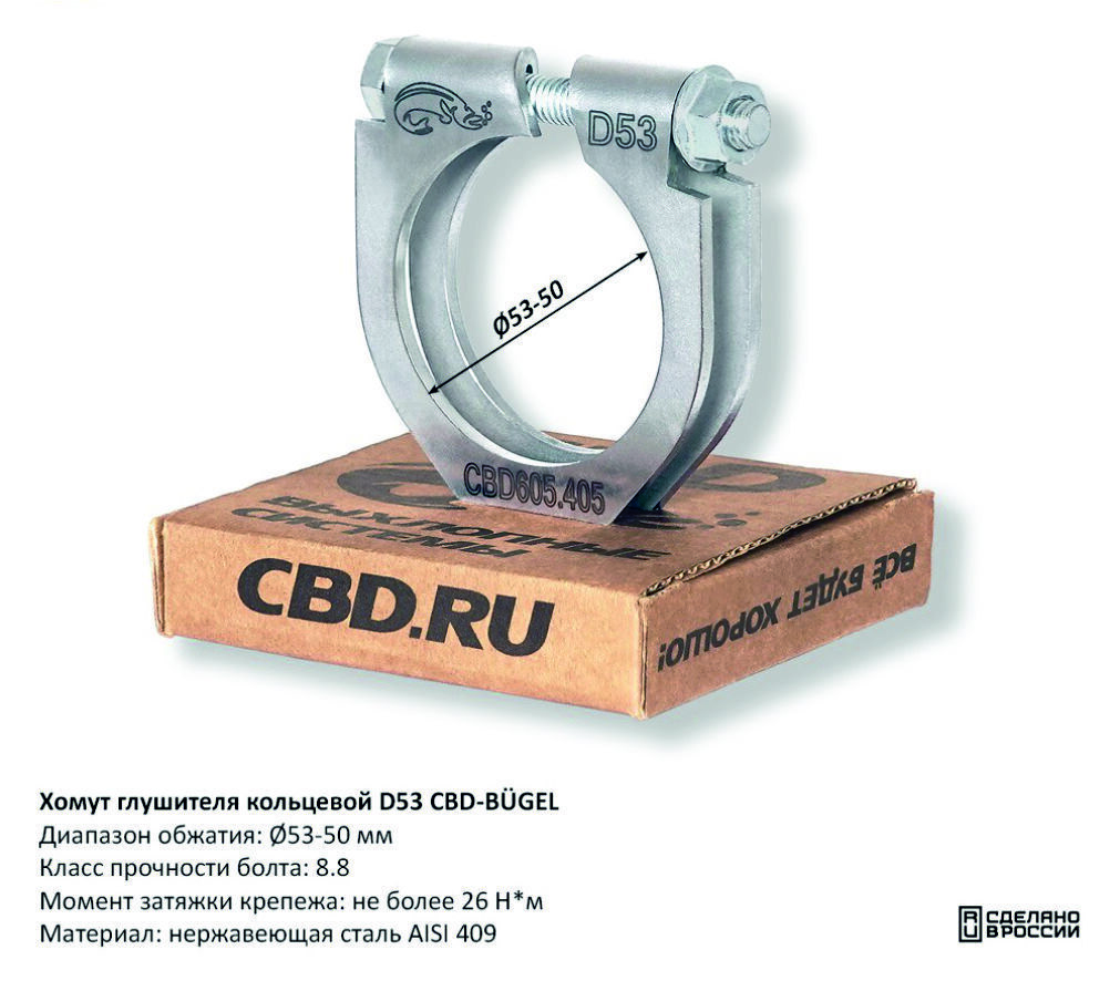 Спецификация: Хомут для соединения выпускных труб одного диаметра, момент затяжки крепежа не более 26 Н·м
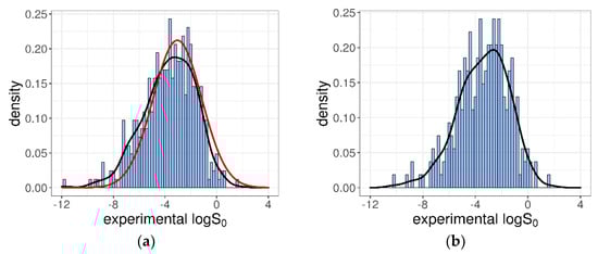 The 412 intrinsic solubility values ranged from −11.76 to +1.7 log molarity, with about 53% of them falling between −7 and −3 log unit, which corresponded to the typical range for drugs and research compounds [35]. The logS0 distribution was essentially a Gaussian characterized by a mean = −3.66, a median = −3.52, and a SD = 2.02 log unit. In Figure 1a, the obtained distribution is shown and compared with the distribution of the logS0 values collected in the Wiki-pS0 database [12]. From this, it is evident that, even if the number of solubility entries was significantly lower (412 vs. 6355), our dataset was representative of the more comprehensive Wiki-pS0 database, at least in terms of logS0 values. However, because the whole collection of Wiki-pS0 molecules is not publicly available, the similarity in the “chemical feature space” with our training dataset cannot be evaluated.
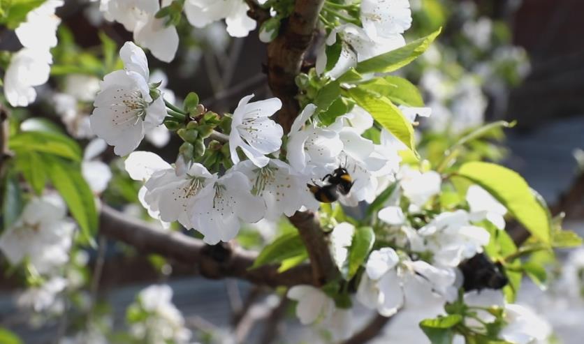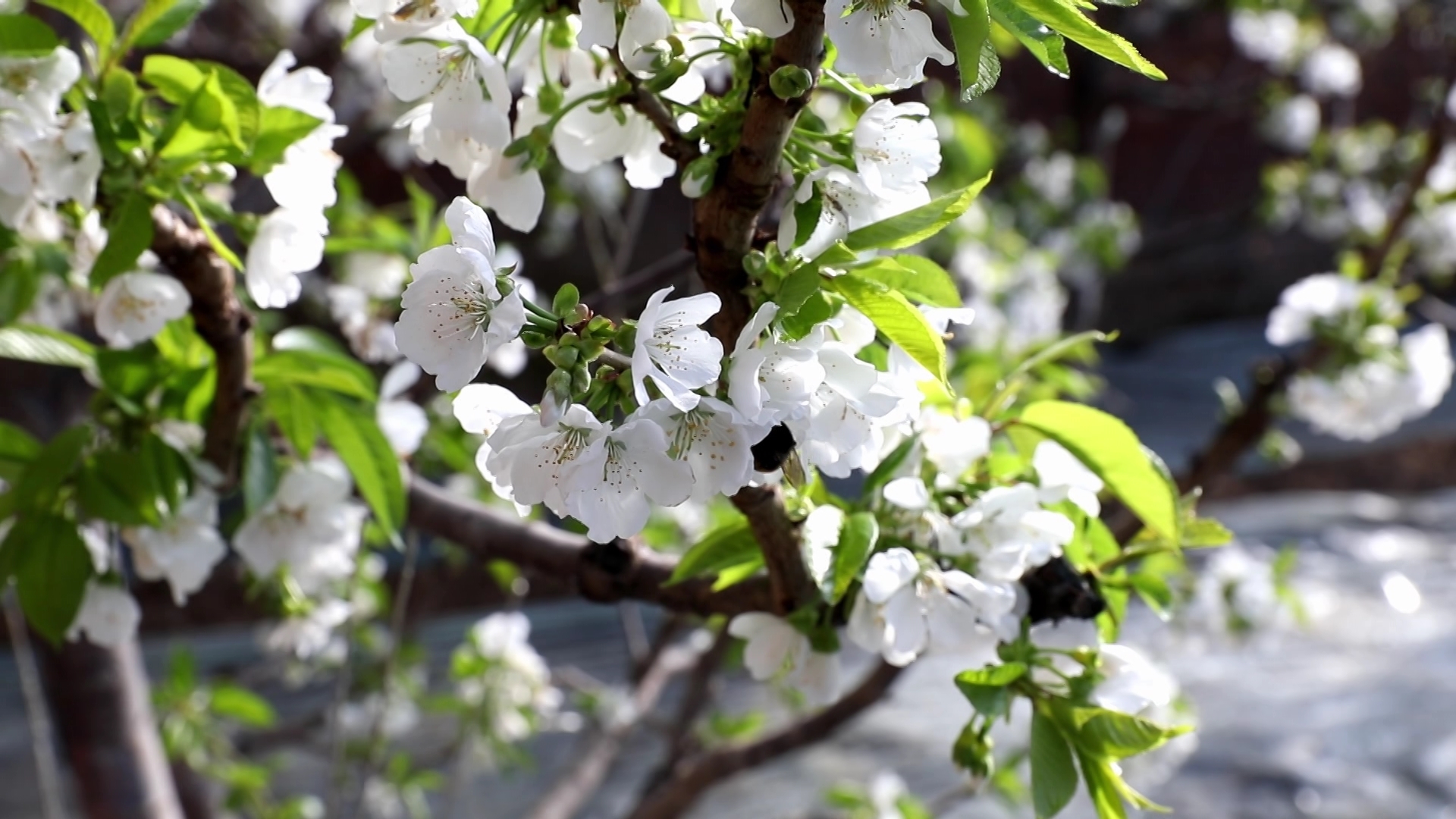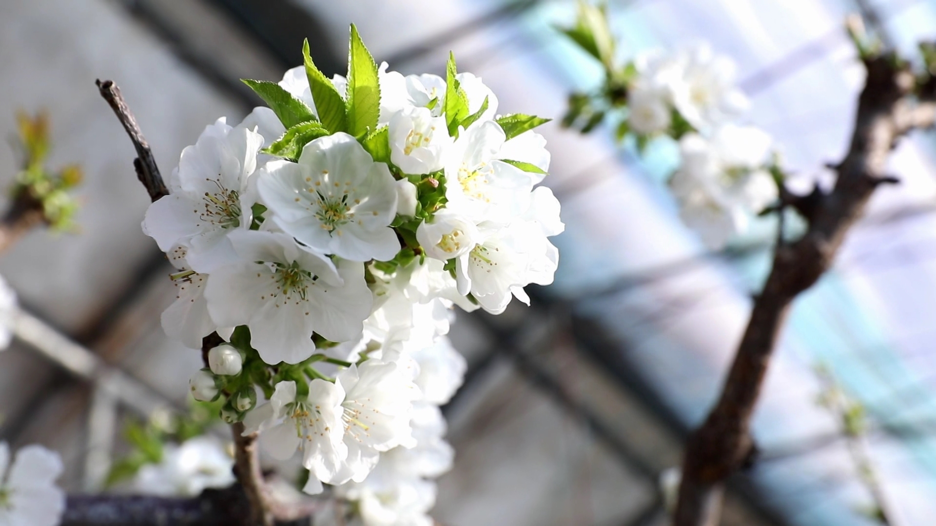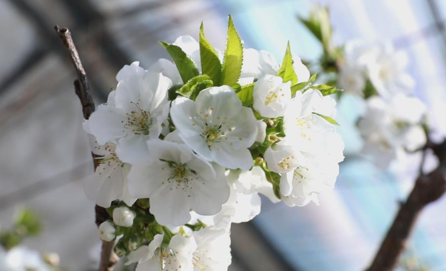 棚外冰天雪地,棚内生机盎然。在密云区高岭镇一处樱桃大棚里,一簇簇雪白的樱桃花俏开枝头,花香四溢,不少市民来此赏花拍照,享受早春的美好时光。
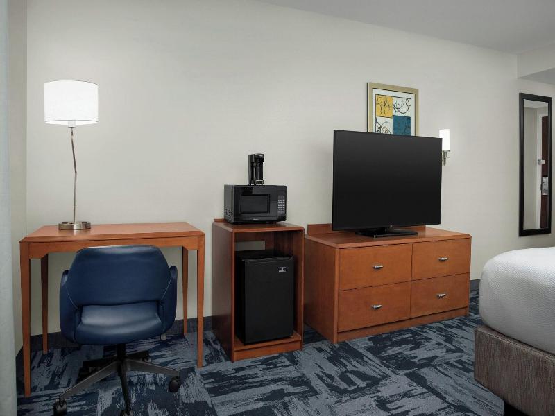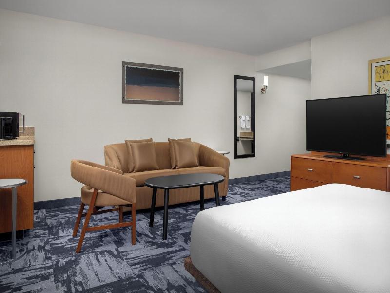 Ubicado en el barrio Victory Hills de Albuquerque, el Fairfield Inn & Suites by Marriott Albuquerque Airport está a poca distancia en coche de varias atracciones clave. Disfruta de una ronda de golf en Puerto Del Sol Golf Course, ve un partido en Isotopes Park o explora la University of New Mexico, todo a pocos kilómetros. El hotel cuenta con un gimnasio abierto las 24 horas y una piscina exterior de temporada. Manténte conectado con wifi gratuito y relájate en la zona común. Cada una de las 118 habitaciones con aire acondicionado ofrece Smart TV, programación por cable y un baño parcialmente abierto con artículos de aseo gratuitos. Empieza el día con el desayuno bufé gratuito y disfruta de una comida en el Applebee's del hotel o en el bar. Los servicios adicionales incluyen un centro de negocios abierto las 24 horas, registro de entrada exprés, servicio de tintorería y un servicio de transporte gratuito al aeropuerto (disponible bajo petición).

● ● ● ● ● ● ●

* PROBLEM:
Write out the material exactly, excluding pictures.

* PROBLEM SOLUTION:
 Спецификация: Хомут для соединения выпускных труб одного диаметра, момент затяжки крепежа не более 26 Н·м
 The 412 intrinsic solubility values ranged from −11.76 to +1.7 log molarity, with about 53% of them falling between −7 and −3 log unit, which corresponded to the typical range for drugs and research compounds [35]. The logS0 distribution was essentially a Gaussian characterized by a mean = −3.66, a median = −3.52, and a SD = 2.02 log unit. In Figure 1a, the obtained distribution is shown and compared with the distribution of the logS0 values collected in the Wiki-pS0 database [12]. From this, it is evident that, even if the number of solubility entries was significantly lower (412 vs. 6355), our dataset was representative of the more comprehensive Wiki-pS0 database, at least in terms of logS0 values. However, because the whole collection of Wiki-pS0 molecules is not publicly available, the similarity in the “chemical feature space” with our training dataset cannot be evaluated.
 棚外冰天雪地,棚内生机盎然。在密云区高岭镇一处樱桃大棚里,一簇簇雪白的樱桃花俏开枝头,花香四溢,不少市民来此赏花拍照,享受早春的美好时光。
 Ubicado en el barrio Victory Hills de Albuquerque, el Fairfield Inn & Suites by Marriott Albuquerque Airport está a poca distancia en coche de varias atracciones clave. Disfruta de una ronda de golf en Puerto Del Sol Golf Course, ve un partido en Isotopes Park o explora la University of New Mexico, todo a pocos kilómetros. El hotel cuenta con un gimnasio abierto las 24 horas y una piscina exterior de temporada. Manténte conectado con wifi gratuito y relájate en la zona común. Cada una de las 118 habitaciones con aire acondicionado ofrece Smart TV, programación por cable y un baño parcialmente abierto con artículos de aseo gratuitos. Empieza el día con el desayuno bufé gratuito y disfruta de una comida en el Applebee's del hotel o en el bar. Los servicios adicionales incluyen un centro de negocios abierto las 24 horas, registro de entrada exprés, servicio de tintorería y un servicio de transporte gratuito al aeropuerto (disponible bajo petición).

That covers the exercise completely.